When Fairy Tales Come Alive 15

By Lydia Manx

"Will do. Hey, you okay?" He looked at me with concerned eyes. He didn't know me from Adam much less Eve, but he was quick to figure out who would be leaving the tip. He automatically refilled my water glass, adding more ice and a slice of lemon which I appreciated. He did have bar tending skills after all. The first glass Bobby had plopped on the bar in front of me had ice and water but no lemon. This time he wiped down the drops of water on the wood while replacing the paper cardboard coasters beneath both of the wine glasses -- mine and Ruby's -- and slid one under my water.

The imprint of a popular beer I'd never sampled let me know where the coasters had come from for their use in the bar. Marketing was big in bars, since it didn't cost nearly as much as a commercial on television, and was constantly under the patrons' glasses; the names tended to get stuck in their brains.

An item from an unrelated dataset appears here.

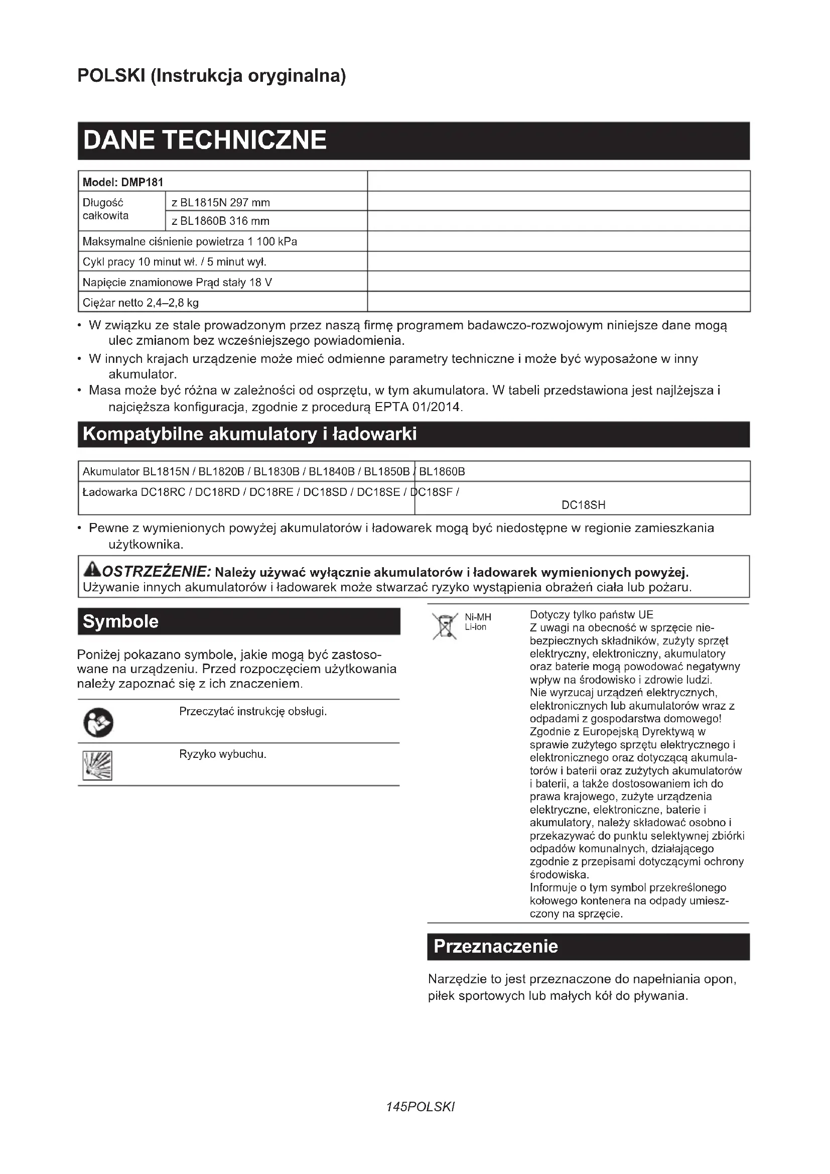 - Pewne z wymienionych powyżej akumulatorów i ładowarek mogą być niedostępne w regionie zamieszkania użytkownika. OSTRZEŻENIE: Należy używać wyłącznie akumulatorów i ładowarek wymienionych powyżej. Używanie innych akumulatorów i ładowarek może stwarzać ryzyko wystąpienia obrażeń ciała lub pożaru. Symbole Poniżej pokazano symbole, jakie mogą być zastoso- wane na urządzeniu. Przed rozpoczęciem użytkowania należy zapoznać się z ich znaczeniem. Przeczytać instrukcję obsługi. Ryzyko wybuchu. Ni-MH Li-ion Dotyczy tylko państw UE Z uwagi na obecność w sprzęcie nie- bezpiecznych składników, zużyty sprzęt elektryczny, elektroniczny, akumulatory oraz baterie mogą powodować negatywny wpływ na środowisko i zdrowie ludzi. Nie wyrzucaj urządzeń elektrycznych, elektronicznych lub akumulatorów wraz z odpadami z gospodarstwa domowego! Zgodnie z Europejską Dyrektywą w sprawie zużytego sprzętu elektrycznego i elektronicznego oraz dotyczącą akumula- torów i baterii oraz zużytych akumulatorów i baterii, a także dostosowaniem ich do prawa krajowego, zużyte urządzenia elektryczne, elektroniczne, baterie i akumulatory, należy składować osobno i przekazywać do punktu selektywnej zbiórki odpadów komunalnych, działającego zgodnie z przepisami dotyczącymi ochrony środowiska. Informuje o tym symbol przekreślonego kołowego kontenera na odpady umiesz- czony na sprzęcie. Przeznaczenie Narzędzie to jest przeznaczone do napełniania opon, piłek sportowych lub małych kół do pływania.146 POLSKI Hałas Typowy równoważny poziom dźwięku A określony w oparciu o normę EN62841-1: Poziom ciśnienia akustycznego (L
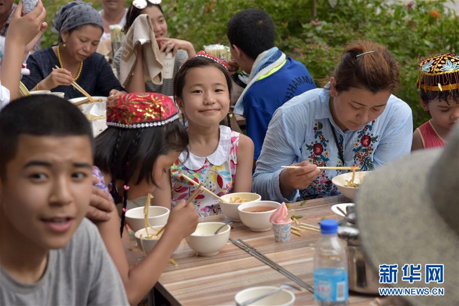 7月18日,游客在吐鲁番市“沙疗小镇”就餐。新华社记者 丁磊 摄

"Good enough. Thanks." I sipped the water and nodded my thanks at the flavor and wondered why I was lying. Bobby smiled and went to put our appetizer order into the kitchen.

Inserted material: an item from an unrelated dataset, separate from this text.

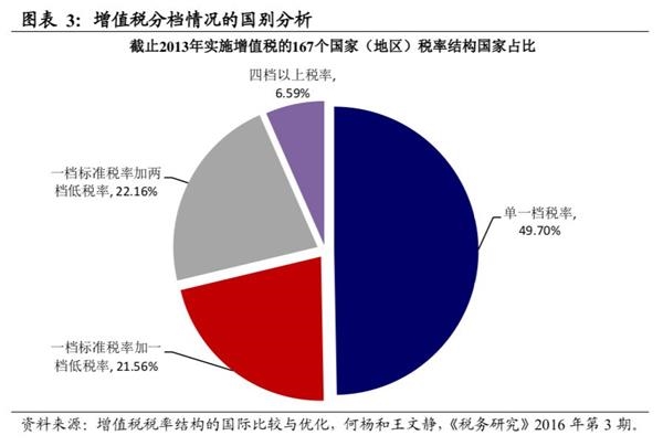 从增值税税率分档情况来看,单一档增值税税率最普遍
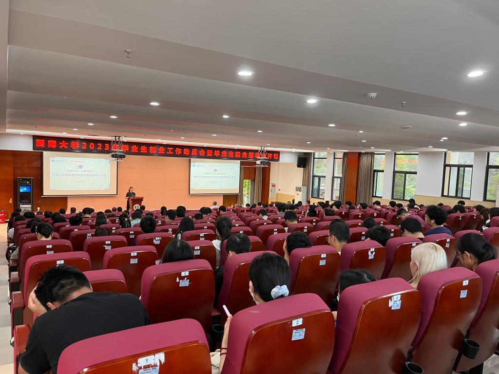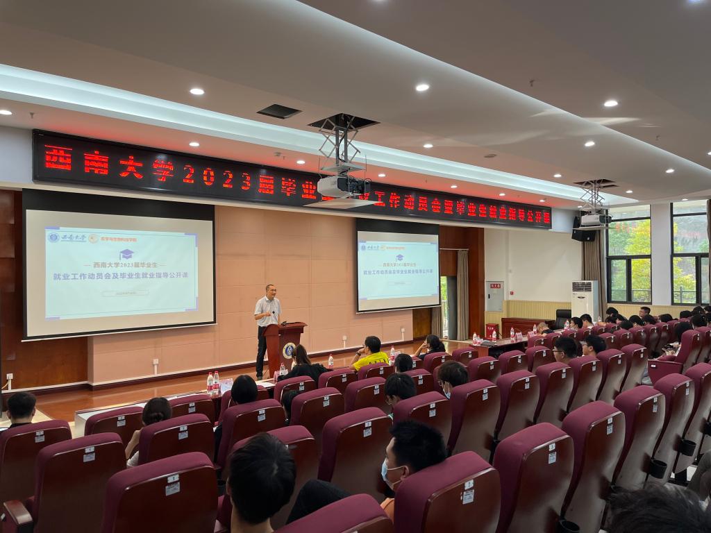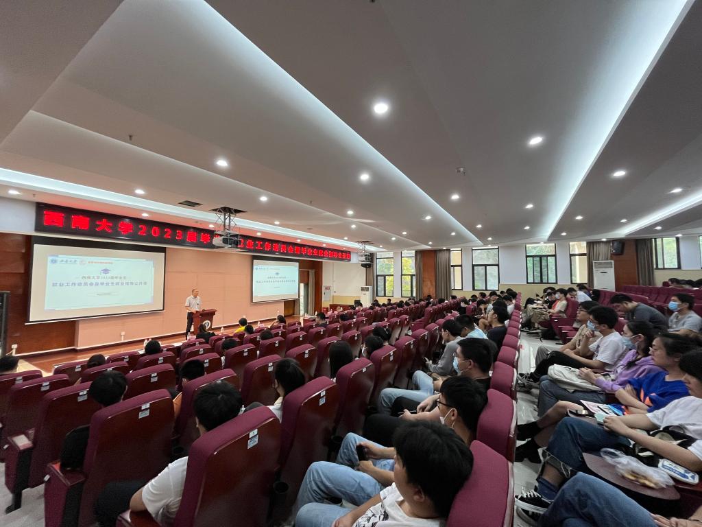 西南大学招生就业处处长李栋宣在会议上补充强调:为促进毕业生早日就业、尽快就业,学校将一如既往的高度重视,通过健全体系、建强机制,实施就业工作十大行动计划,大量举办校园招聘会,扩大选调生招录,举办保送考研分享会等方式为同学们提出更深情的帮助和更细心的指导。对广大毕业生,他提出四点希望:一是要担当作为,报效祖国,努力成为一名立大志、明大德、成大才、担大任的时代新青年;二是要客观定位,把握机会,深入把握就业形式,善于剖析自身条件,既不妄自菲薄也不夜郎自大,主动转变就业观念;三是要拓展视野,主动出击,打破校园极限,特别是要抓住秋季校园招聘高峰期的宝贵计划,给自己创造更多的机遇与希望;四是要坚定信心,久久为功,埋头苦干,扎实蓄能,为自身理想不懈奋斗。

All I really wanted to do was to scream and yell at the injustice of it all. Also I only could think was how soon I could be back in a damn jail again if Archie didn't do his job. Worst part was that then I would be told again to write down what had happened. I figured I would do my tale in Latin again. I mean why not? The committee would like a report far more in depth than what I had given the cops. But that report had to be spotless and I had to thoroughly tell everything. They wouldn't be happy if I missed anything that had actually happened between me and the now-dead troll. Since there hadn't been any cameras that I knew of in the cell, it made my report critical. I knew that the committee would use other methods to double check my tale, and if it varied I'd be in trouble. They had some talented seers that would be happy to fact-check my account and would relish my downfall. I wasn't a favorite around the office where Archie set up his shop.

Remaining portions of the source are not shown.